Мария Галеева
Отзывы, или Лев Толстой в Аду
— Дорогой поисковичок, ну, скажи, а скажи, сколько нужно времени, чтобы стать знаменитым? — так говорил в бесконечном году, бесконечного месяца, бесконечного числа известный Лев Николаевич Толстой в аду, в который он попал за то, что писал скучные, невыносимо нудные книги ХIX века, которые невозможно было читать и над которыми смеялись все его здравствующие современники, кроме всяких обывателей и простофиль, жалостных писателей, вроде Чехова и прочих чернорабочих, простодурых крестьян и помещиков, которые ни разу ни во что не вникали и миллиметром своих мозгов, зато хорошо учили иностранные языки, выходили замуж и уезжали после революции.
— Лёва, ну что ж ты теперь вздыхаешь, — отвечал ему Николай Гоголь, пришедший навестить его в Тартарары, — ну, как можно было написать такой бред? Ты же понимаешь, что это просто сон, это жирный кот, тоска смертная… я еще никогда не хотел так сдохнуть, пока что-то читал… могу поклясться… потому что ты… Ты совсем не думаешь о читателе, а читатель — он же ещё черт возьми — это непростая фигура!.. его надо развлекать, иногда будить, хоть бы шуточку там какую ляпнуть приличную! А у тебя там разве шуточки, бородатая ты коза! Пхххх… сколько бороду будешь растить! Или она не стрижётся?

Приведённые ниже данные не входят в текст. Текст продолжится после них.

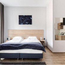- Возможно предоставление детской кровати в качестве дополнительного спального места. Дети в возрасте от 0 до 7 лет включительно размещаются бесплатно.
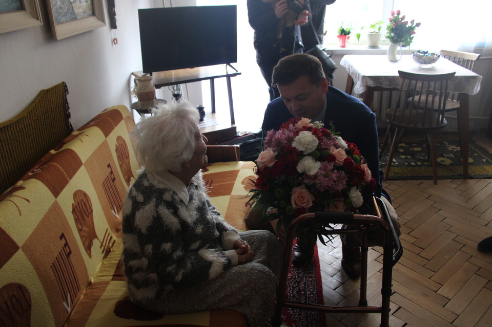 Jubilatkę odwiedził burmistrz Krzysztof Paśnik z naczelnikiem wydziału promocji Arturem Kuśmierzakiem i dyrektor MOPS Marzena Jedut. Burmistrz odczytał list od premiera Mateusza Morawieckiego. Pani Wanda otrzymała też gratulacje od przedstawicielek ZUS.
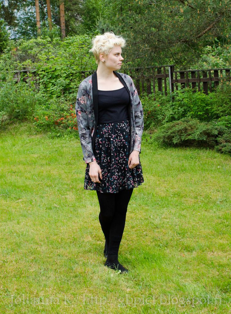 Maanantain asu osottautui hieman liian viileäksi tuohon päivään ja taisin vilustua hieman, kurkku on nyt muutaman päivän kutissut, nenäkin vuotaa. Kuulemma flunssaa on liikkeellä, toivottavasti ei minuun ole itseään tartuttanut. Joka tapauksessa tuo topin päällä oleva tsydeemi on miusta ihan verhon näköinen ja tuntuinen, siitä otsikkokin. Tykkään siitä kuitenkin tosi paljon ja pitipä sitä kokeilla tähän asuyhdistelmään. Omaa silmää miellyttää :)
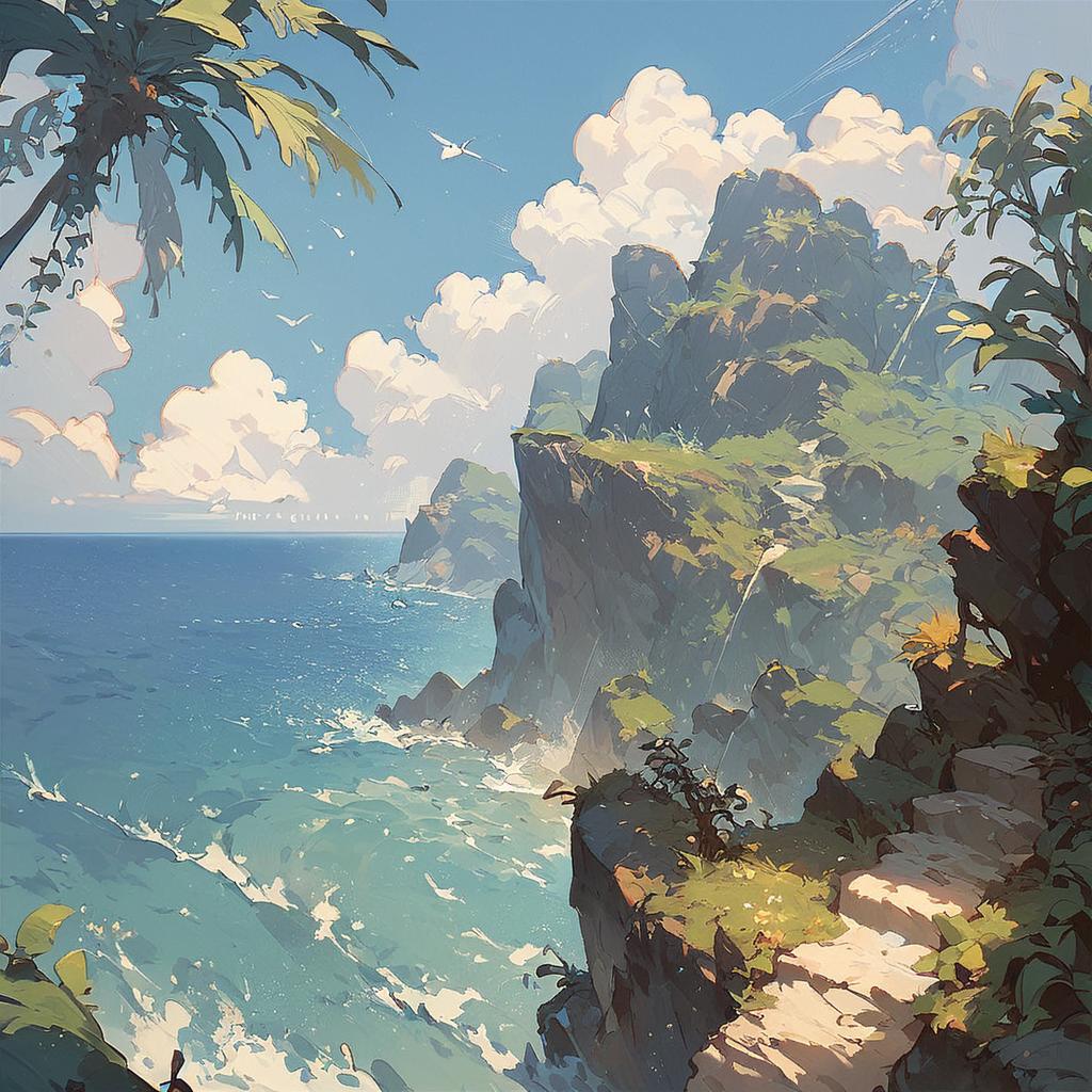 Score_9, score_8_up, score_7_up, score_6_up, source anime, no humans, scenery, landscape, ocean, sea, palm tree
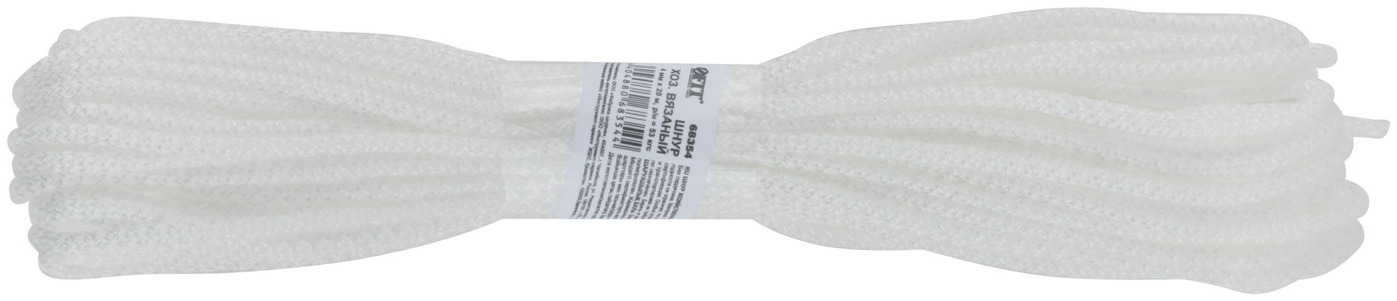 Шнур вязаный полипропиленовый без сердечника диаметром 4 мм и длиной 20 м идеально подходит для различных хозяйственных нужд. Он поможет надежно закрепить или подвесить предметы на даче, в гараже или в мастерской.
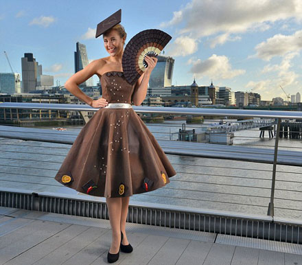 Rochia creata numai din ciocolata a fost dezvaluita saptamana aceasta in cadrul festivalului de moda gazduit de Salon du Chocolat, de la Londra. Pentru a realiza aceasta rochie delicioasa de 50 de kg, designerul a avut nevoie de doua saptamani, ea lucrand aproape non-stop la decorarea si finalizarea creatiei.
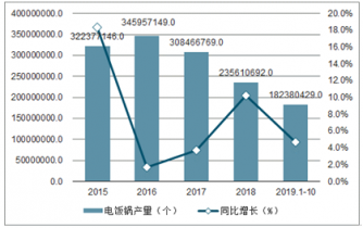 2015-2019年1-10月中國電飯鍋產(chǎn)量及增速趨勢圖
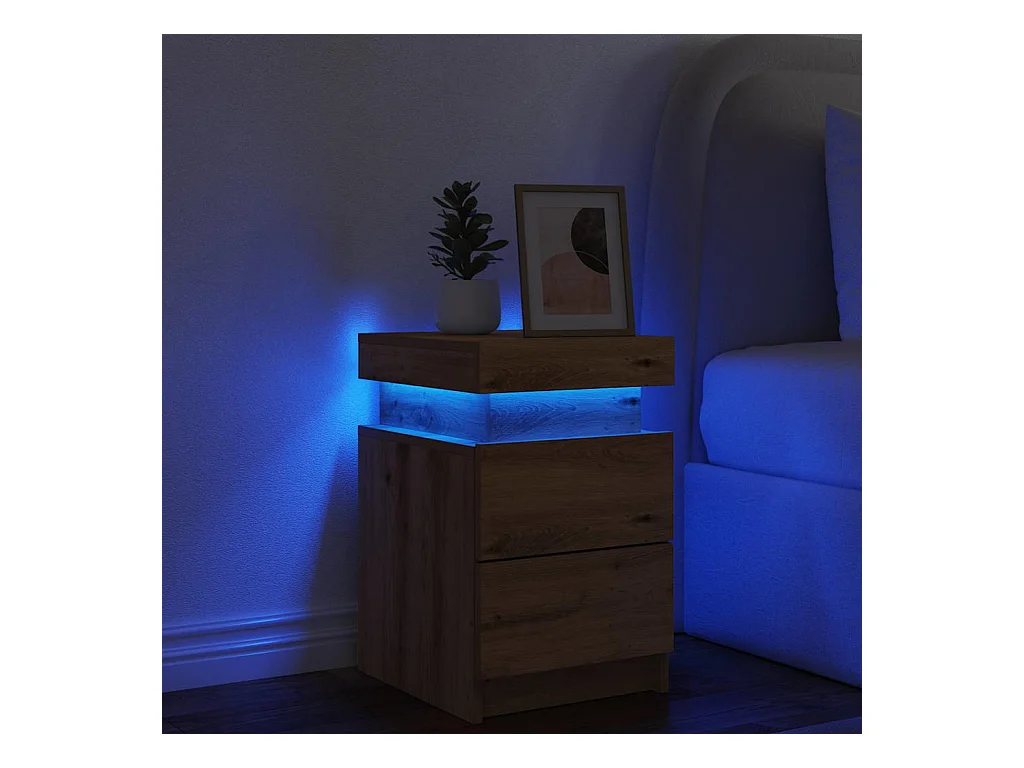 Table de chevet avec LED chêne artisanal bois d'ingénierie
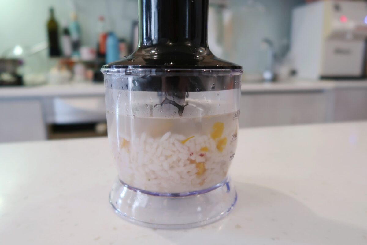 Mo太太作法是先把食材在電鍋煮熟後,再放到大家源無線充電攪拌棒內切碎一點讓寶寶們比較好入口喔

— Да как стрижётся? если ад?.. ты вот, тоже, Коля, право, я не знаю… не всем же дано шутить. Этот читатель… я как на душу идёт — так и пишу… Чехову очень нравилось… мне тут так одиноко одному сидеть, охо… я вот старый был — ещё приезжал кто-то: Максимка Горький, поклонницы всякие… а еще и этот был монгол… забыл как его?.. уже и монголы по-русски пишут… я-а-а дурел просто!.. слышь, щас, наверно, уже даже и французы стали по-русски писать… ты был в раю? расскажи, как там наши?
— Да, а с каких это пор они тебе наши? А? Пх-пх-пх-пх…
— Ну, не смейся. Хорош, правда. Что там хотя бы Достоевский?
— Да нормально. Ничего вроде… там же, сейчас, понимаешь, ни пописать ничего, ничего такого, как в прежней жизни… я же тебе рассказывал — они там как бы теперь распределены, ну, по всей планете. Не по всей, разумеется, а там, ну, кто-то в облаке летит… кто-то в березе одной растёт — недалеко, кстати, от Ясной Поляны. Ее там сейчас, правда, какие-то уроды заняли… ну, так вот бишь, а кто-то уже и в костре, значит, где-то сгорел… сложно, очень запутанно они там распределены… по всей России летают, плавают, вступают в реакции. Я последний раз их распределение где-то до середины 20-го прослеживал. Дальше уже — не.
— Мг… ну а как вообще там, это самое, узнают, где они, што?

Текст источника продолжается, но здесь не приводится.